Cosigned Mortgages Make a Comeback


With credit tightening and lenders getting increasingly picky about who gets a loan, the cosigned mortgage is making a comeback. Here are a few scenarios where a cosigned mortgage makes good sense (and when it doesn’t), along with some tips to get the most out of the deal.

The fact that we’re even discussing a cosigned mortgage loan tells you how tough it is to get bank credit these days. Despite the fact that U.S. banks received billions in Troubled Asset Relief Program (TARP) money in 2008 and 2009, that hasn’t translated into more mortgage loans for U.S. consumers.

According to the Federal Financial Institutions Examination Council, the amount of new loans in the fourth quarter of 2009 made by banks that received TARP money equaled about 25% of the money received in TARP money. Basically, banks held on tight to the money and reduced credit pipelines for potential U.S. homeowners. But that wasn’t the government’s intent when it created the TARP money — the cash given to banks was supposed to open up credit lines and make more money available to U.S. consumers.

Thus the need for mortgage borrowers to explore creative ways to get a loan, and getting a cosigner is near the top of the list.

Of course, cosigning a mortgage has its potential drawbacks. Usually, cosigned mortgage loans involve families — parents who cosign a loan so their young family members can own a home.

But family ties can be shredded if the young homeowner stops making payments and eventually, the bank comes looking for Mom and Dad to make good on the mortgage loan. Once you put your name on a mortgage as a cosigner, you’re just as responsible for the loan as the mortgage holder.

Here are the drawbacks:

  • You're locked in. Once you cosign a mortgage, the only way you can get out is if the loan is completely paid or the cosigner agrees to take your name off the mortgage contract.
  • It reduces your credit flexibility. Even though you’re (presumably) not making mortgage payments as a cosignor, creditors will treat you as if you are. In other words, you’ll find it much more difficult to get a loan. Why? Because banks consider you a higher credit risk.
  • Your credit score could be ruined. If you do fall into a bad mortgage situation, your credit score could easily be at risk. Once a payment or two are missed, your credit ranking will suffer, since your name is on the mortgage contract, too.

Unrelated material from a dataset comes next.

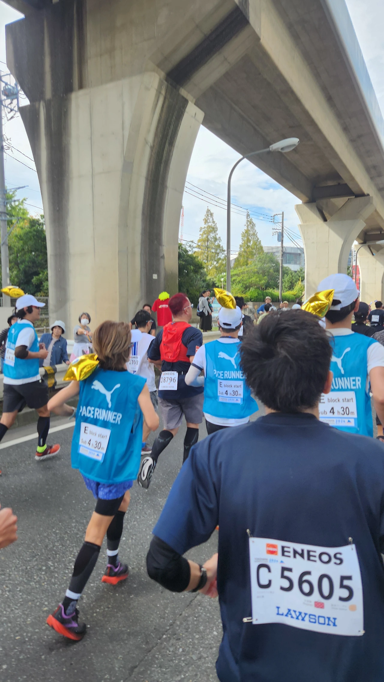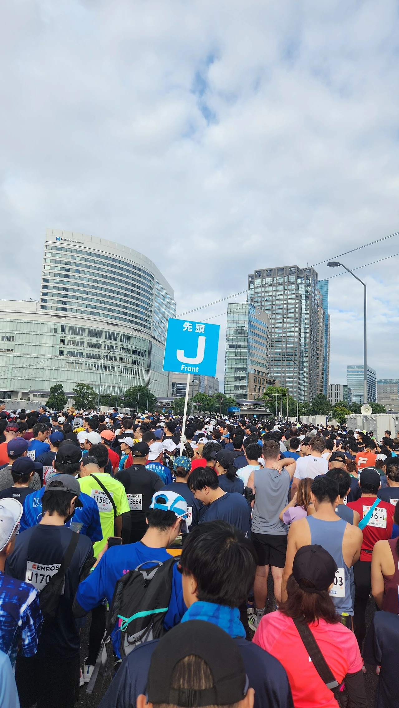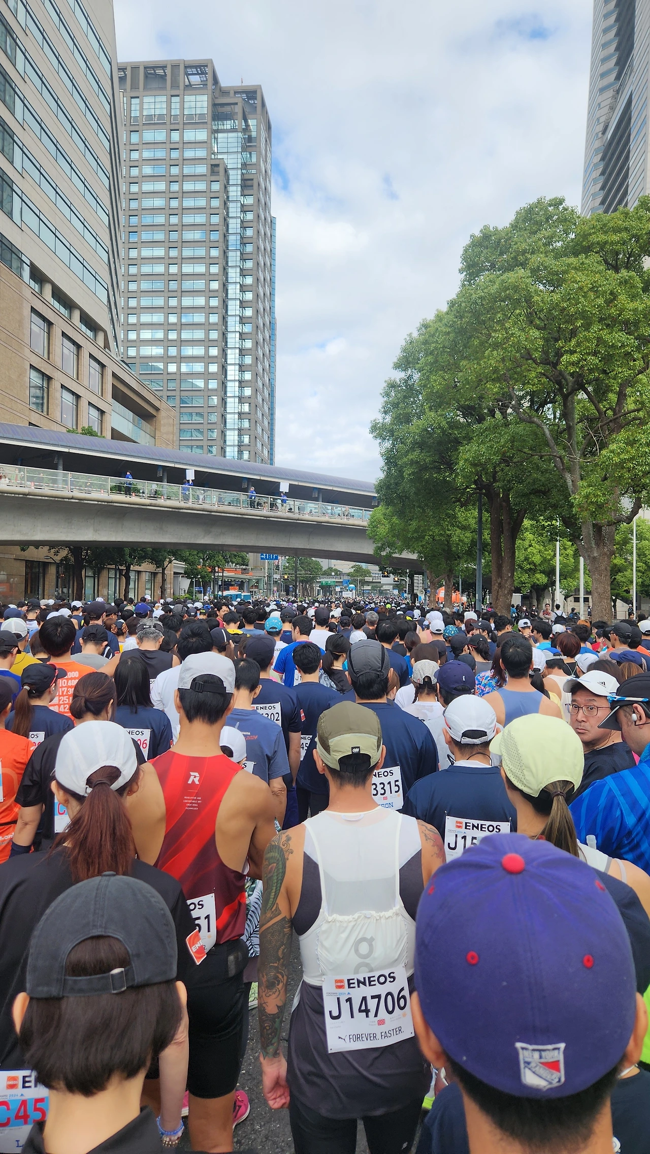 9개의 조로 나뉘어 출발한 마라톤은 그야말로 사람의 산, 사람의 파도였습니다. 한적하던 8차선 도로가 주자들로 가득 찼고, 한참 동안을 사람을 피하며 달려야 했습니다. 대회 준비는 아주 촘촘하게 되어 있었는데 급수대와 보급은 2~3킬로미터 지점마다 있었고, 간이 화장실도 주로 전역에 비치되어 있었습니다. 5킬로미터 정도의 간격으로 고적대, 치어리딩, 벨리댄스까지 지역의 많은 사람들이 간바레를 외쳐주었습니다. 급수대마다 준비된 간식들도 무척 다양했습니다. 젤리, 양갱, 오니기리, 초밥, 모나카, 모찌, 각종 종류의 달달한 사탕들까지. 다음 급수대에선 어떤 간식이 나올까 하는 상상이 지루함을 견디는데 도움이 되었습니다.

So when you do cosign a mortgage loan, tread carefully. Do your due diligence and make sure the party you’re cosigning with is financially solvent. It’s dicey to ask your son or daughter how much they earn, or how much money they have in the bank, but do so anyway. If your cosigner can’t afford the mortgage, or earns a salary that may have trouble meeting a mortgage obligation, then don’t cosign.

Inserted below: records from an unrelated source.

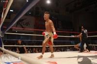 1R、じりじりと前に出る武尊。ソルビンはそこに左フック、右ストレートを狙う。武尊は前蹴りでソルビンを吹っ飛ばして左ボディを打つ。ソルビンは下がりながら左右のストレートと左ミドル。ソルビンのヒザ蹴り、ローに右ストレートを合わせる武尊。ソルビンのミドルをすくって右ストレートを当てると、ソルビンをロープに詰めて強烈な右ボディ。ソルビンの頭が下がるとヒザ蹴りを突き上げ、ボディブローからパンチをまとめる。さらに武尊はヒザ蹴りと前蹴りでボディを攻め、ロープを背負うソルビンにパンチを打ち込み続ける。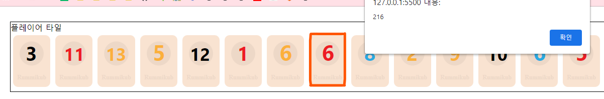 빨간색 중 첫번째 묶음의 6이라2, 빨간색이라 1, 타일의 숫자 6, 216이 잘 찍힌걸 확인할 수 있습니다.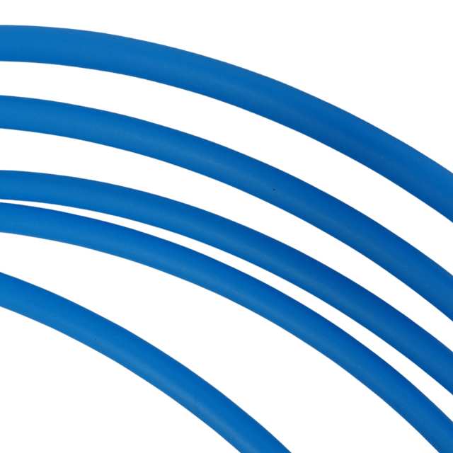 Este hula hoop está fabricado en manguera de polietileno (PE) de densidad media-alta color azul, con brillos sútiles integrados en el material.

If you do cosign for a mortgage loan, make sure you receive the same mortgage paperwork your cosigner does. If past-due notices start piling up, you’ll definitely want to know. But if there is no language in the contract that guarantees you’ll get those notices, too, you could be in for a nasty surprise.

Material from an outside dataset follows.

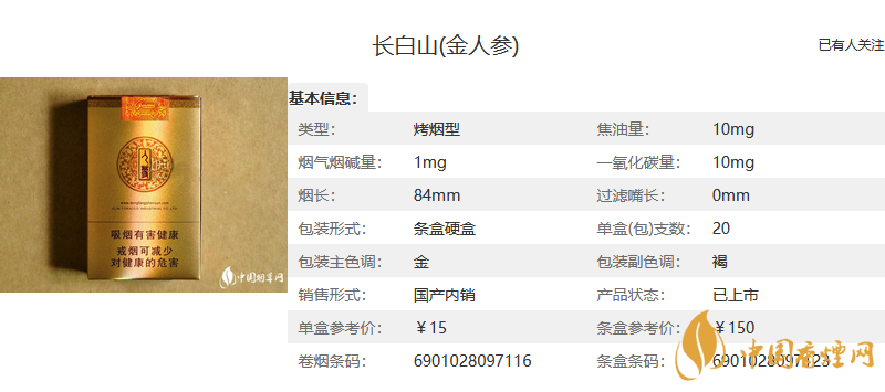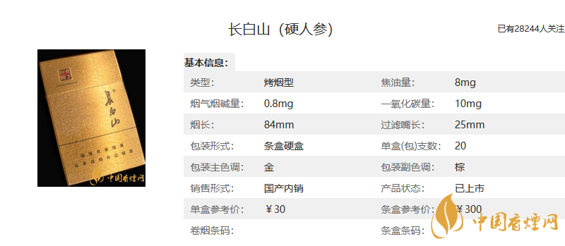 【長白山人參香煙價格表和圖片一覽 長白山人參香煙多少錢一包】相關推薦文章:

Perhaps the best outcome is to keep your name on the mortgage loan for a few years, until the cosigner builds up enough good credit. Then, you can take your name off the loan, usually by means of a refinancing deal or by asking the lender to requalify the loan.

All in all, cosigning a loan falls into the “necessary evil” category. Do it as a last resort, and make sure you have an exit strategy as soon as possible. There might be no worse feeling than having to pay a mortgage on a house you don’t live in — but that’s always a possibility when you cosign.